Chapitre 1 : Appréhension
- MarieTariotBrg
- 7 févr. 2015
- 2 min de lecture

Il faut dire que les rentrées sont appréciées que par une très fines parties de personnes. Et Emma, jeune fille de dix-sept ans, était loin d'en faire partie. En effet, aujourd'hui sonnait la rentrée des classes, mais à son grand regret : uniquement pour celle-ci.
"-Emma !" La jeune fille sursauta, se cognant à la vitre de la voiture contre laquelle elle était appuyé. "- Arrêtes de te ronger les ongles, regardes moi ça.." Il lui attrapa la main pour l'examiner, tout en gardant un œil sur la route. "- C'est dommage, tu pourrais avoir de si belles mains si..." Elle lui arracha d'un coup sec pour la caresser de son autre main. Le père jeta un coup de d'œil à sa fille en soupirant. "- Oui "si", je sais papa." Il contracta sa mâchoire, perplexe.
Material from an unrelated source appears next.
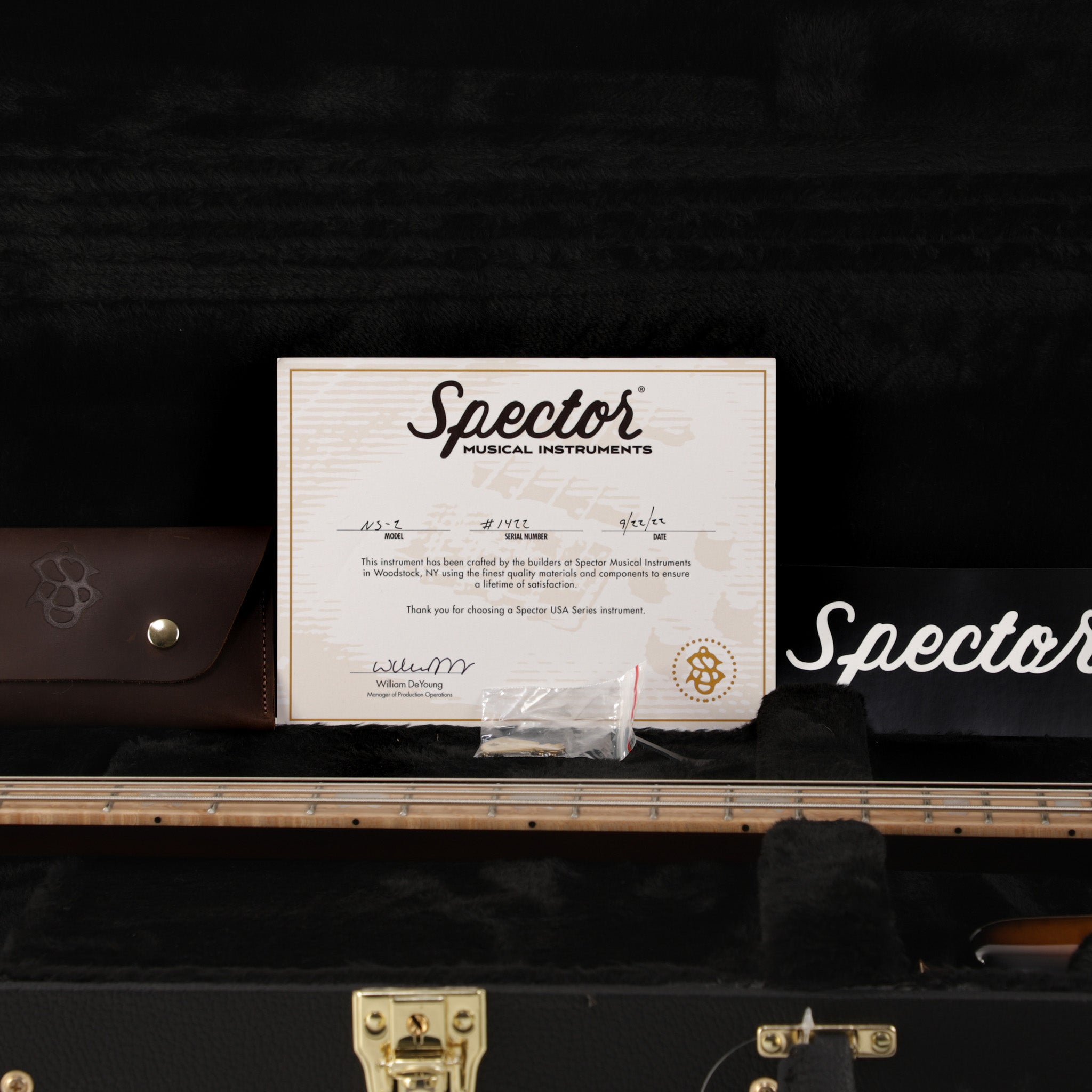 Spector NS instruments are individually built by a small team of builders in Woodstock, NY from the finest source materials, including hand-selected tone woods from the most fertile regions of the world. The 3-piece neck is carved from tempered North American Maple and is paired with a fingerboard of Birdseye Maple. Each instrument is outfitted with custom, professional-grade hardware including Spector's hi-mass locking bridge, Dunlop strap locks, and Gotoh tuners. The sound and feel of a true USA Spector instrument is second-to-none.

Il n'aimait pas mettre sa fille de mauvaise humeur, surtout maintenant. "- Écoutes, tu n'as pas à t'en faire, ça va très bien se passer. J'en suis certain." L'homme au cheveux poivre et sel se tourna vers sa jeune fille pour lui esquisser un sourire, qu'elle ne lui rendit pas. "- Oh s'il te plait, j'ai entendu ce discours une bonne vingtaine de fois et presque autant dans les films. Et la plus part du temps l'actrice à qui on adresse ces mots fini au fond d'un canal." Elle soupira et son père secoua la tête avec un sourire au coin. "- J'étais très bien là-bas papa, pourquoi fallait-il changer ?" Soudainement, son humeur changea, il devint plus sérieux, agacé. "- On a déjà eu cette discussion."
Puis il freina, ils étaient arrivé à destination. L'homme se tourna sur son siège pour faire face à sa fille, qui baissait la tête, appréhendant le moment. "- Je veux pas y aller papa, s'il te plait..ce sera pire ici.." Elle se mordait la lèvre, comme pour se retenir de pleurer mais c'était loin d'être son genre de recourir aux larmes pour arriver à ses fins. Son père baissa la tête à son tour et soupira, lassé et désolé pour sa fille. Il passa sa main à la peau asséchée dans les cheveux châtains de la belle et chuchota presque : "- Ne t'inquiètes pas, je te promet que ça ira parfaitement bien.." Elle tourna soudainement la tête vers son père, tout air de tristesse ayant disparu de son visage et laissant place à un grand sérieux. "- Papa, on est à Beacon Hills."